2.3. Terpene Trilactones (TTLs) in GBE Drinks

Ginkgolides (A, B, C, J, N, K and M) and bilobalide are the terpene trilactones that have been mainly detected in G. biloba up to now [2]. The contents in native ginkgo leaves are less than 0.06%, among which ginkgolide A, B and C are the quantitatively dominant compounds [2,22]. Ginkgolide A (7.49 min, m/z = 407.4), B (8.0 min, m/z = 423.3), C (5.9 min, m/z = 439.3), J (5.76 min, m/z = 423.1) and bilobalide (5.8 min, m/z = 325.3) were detected in the ginkgo tea and ginkgo wine, and this was calculated by using UHPLC-QTOF-MS (Figure S2).
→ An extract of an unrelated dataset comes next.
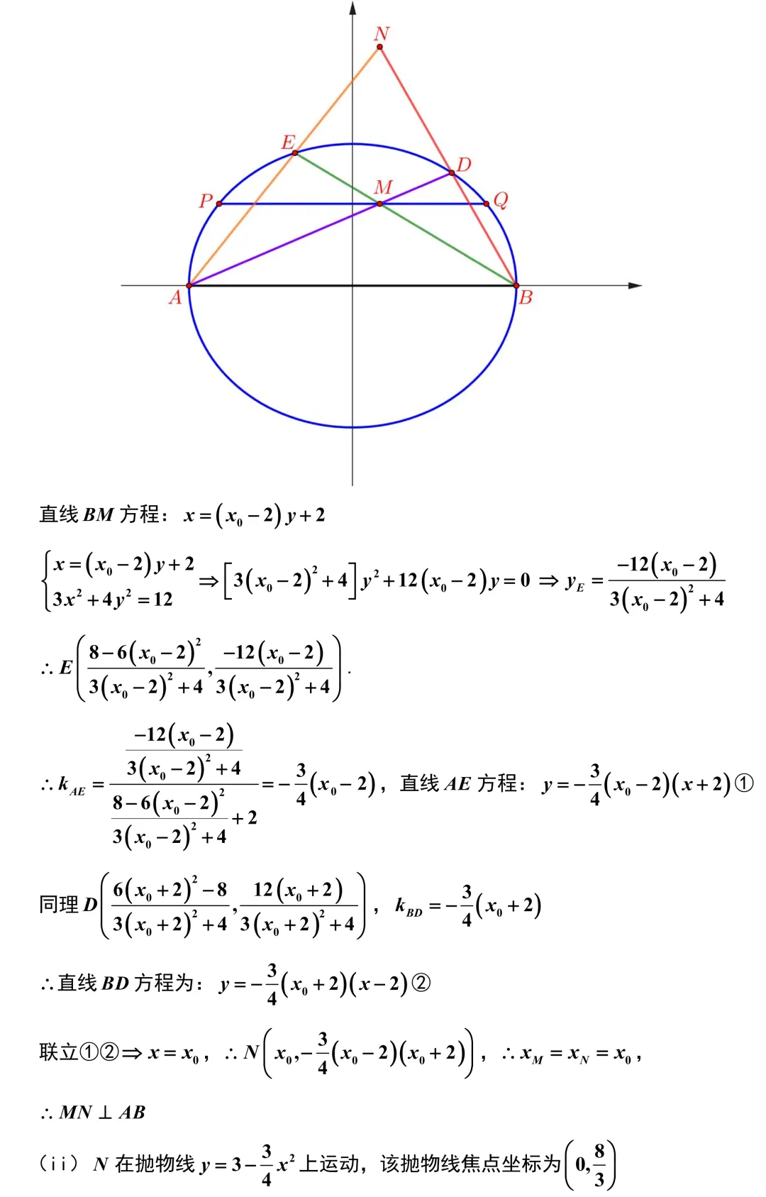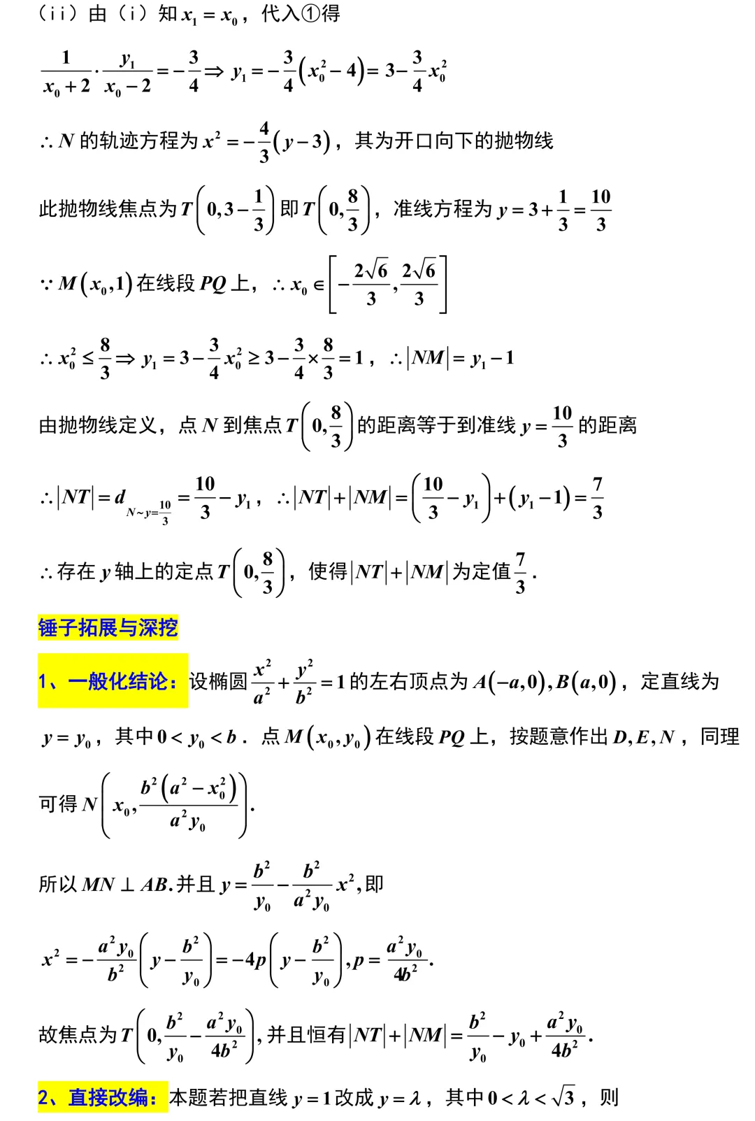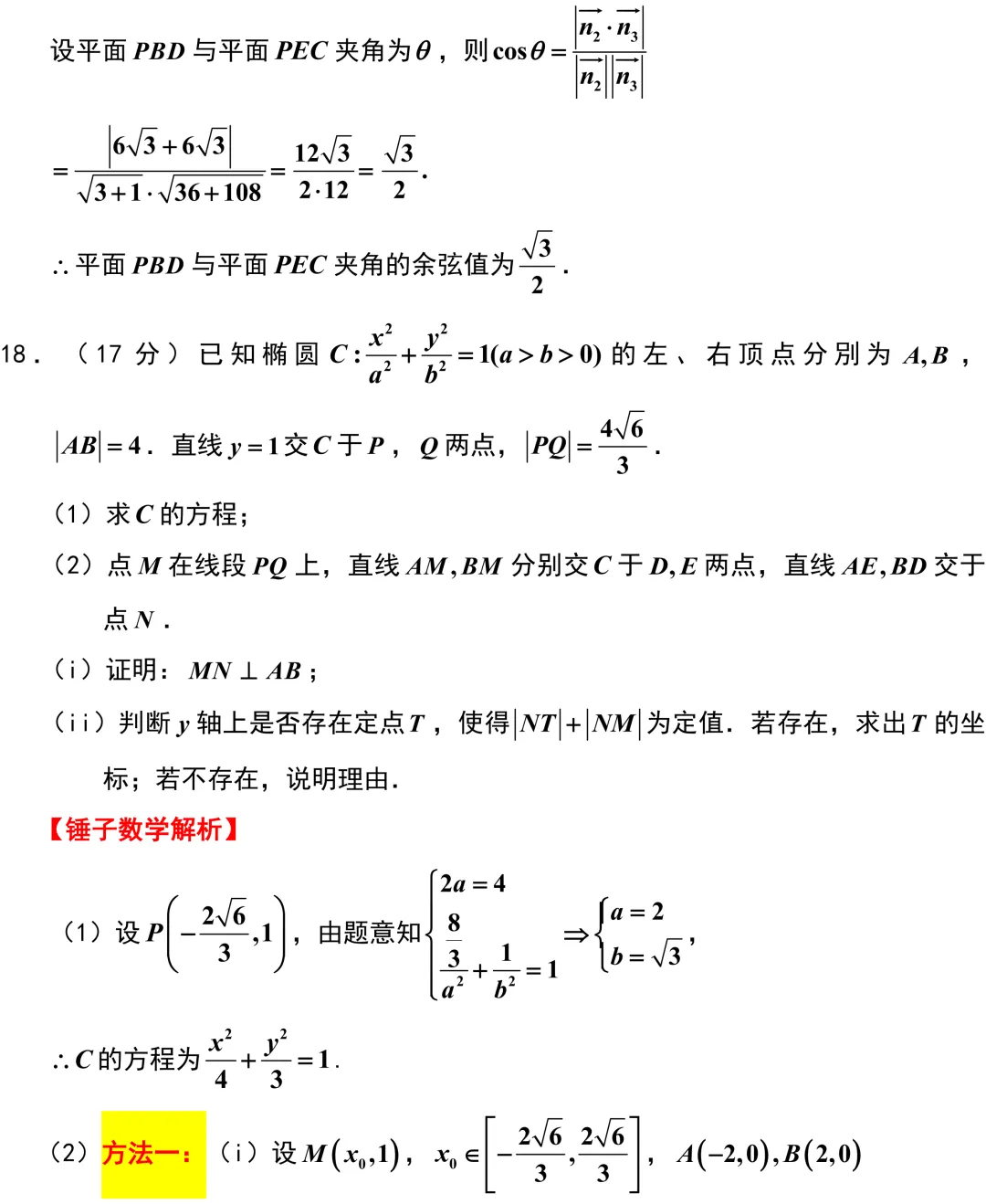 第18题,前半部分利用椭圆端点弦斜率乘积为定值的核心结论,避免了繁琐的韦达定理联立,很快就能理清交点关系.最绝的是它的第二小问,同学们在代数变形后会惊喜地发现,动点的轨迹竟然变成了一条开口向下的抛物线.此时题目要求两线段长度和为定值,刚好可以完美转化为抛物线的定义,利用点到准线的距离来降维打击.这种从椭圆平滑过渡到抛物线的题目设计,逻辑环环相扣,非常考验大家对圆锥曲线本质的认知.

There were no significant differences (p > 0.05) in the TTL contents between the ginkgo tea (252.89 ± 6.24 μg/g·DW) and ginkgo wine (248.2 ± 4.93 μg/g·DW) (Figure 5). Among the TTLs detected, ginkgolide A, B and J were the quantitatively dominant compounds followed by ginkgolide C and bilobalide (Figure 5). Additionally, the ultrasound-assisted extraction significantly increased the levels of TTLs both in the ginkgo tea and wine (p < 0.05) (Figure 5).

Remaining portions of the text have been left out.